Also, if you go with the 3D, you can cook more than just one meal (if you're into that)... for example, while you're cooking up your one rack of ribs, you can toss in a rack of chicken thighs to smoke and shred for an awesome batch of chicken salad for sammiches later the next day or so...and on another rack, you could also be smoking some ABTs.
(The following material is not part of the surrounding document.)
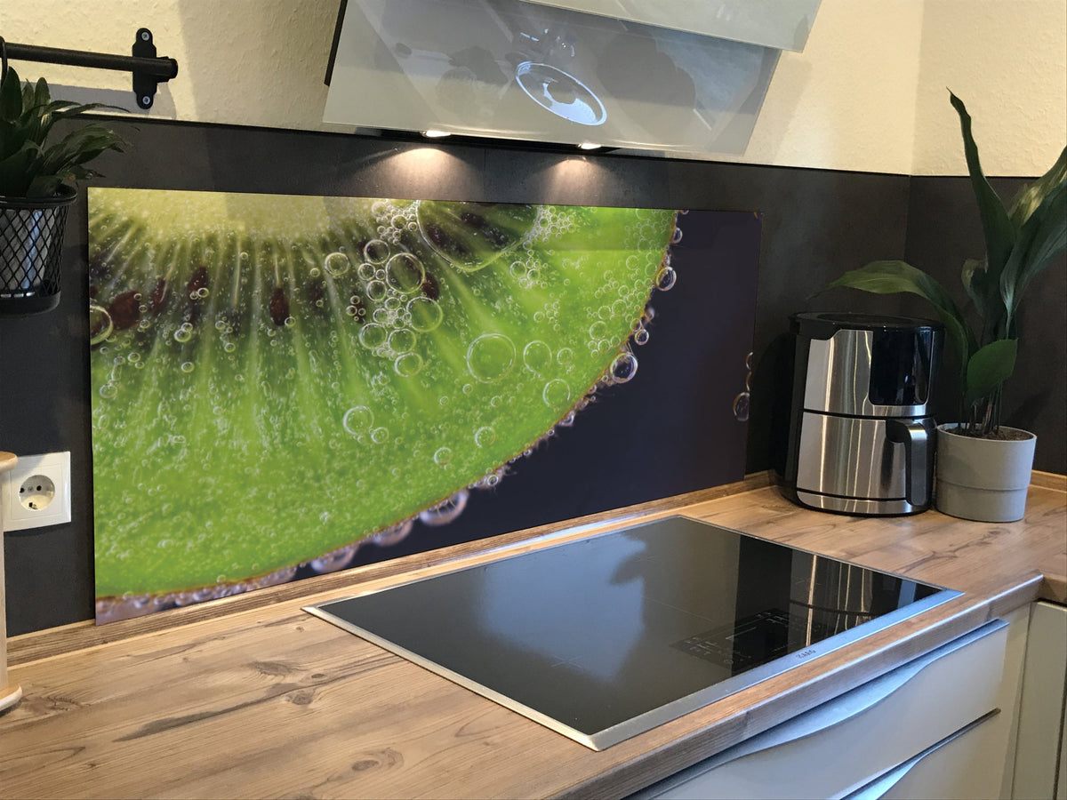 Verleihen Sie Ihrer Küche mit der Spritzschutz Küche Kiwi Sprudel von Rueckwand21 einen stilvollen und modernen Look, der Ihre Persönlichkeit widerspiegelt. Passen Sie die Rückwand genau an Ihre Küche an – einfach Maße eingeben und den gewünschten Motivausschnitt auswählen – und schon ist Ihr neues Küchendesign fertig!

I'm not sure of the dimensional comparison between the 2D and 3D, but I used to have an MES 30 (and a 40), and I'd have to cut the rack of ribs in half in order to fit them into the MES smokers...and you can toss in a whole rack of ribs on one rack in the 3D without having to cut of some of the ribs.  They're all going to taste the same, but smoking a whole rack instead of two separate half racks is more fulfilling to me.  Just my 2-cents.


----------



## chopsaw (Mar 14, 2018)

What was said above , and what you're doing now won't be the same after learning new things on here . That's a fact .


----------



## myownidaho (Mar 14, 2018)

There’s only two of us but there are times where I’m doing five pound batches of things like jerky, salmon, sausage, etc. Every now and then I’ll also do multiple butts for a party. I probably could have gotten away with a 2D, but if I was going to spend this much on a smoker, I wanted to make sure it covered all the bases.


----------



## kit s (Mar 16, 2018)

old sarge said:


> My re
> 
> Did you try dropping the probe thru the smoke hole before you drilled through the smoker?  Just curious.


Sarge
Yep forgot to mention that. The problem there was the smoke residue would run down the lead onto the meat. Thus drilling a hole and having lead wire come from below meat stopped that little problem.


----------



## old sarge (Mar 16, 2018)

You have a point but a lot of folks run prob cables through that hole.  Sometimes 4 or 5 or more of them.


----------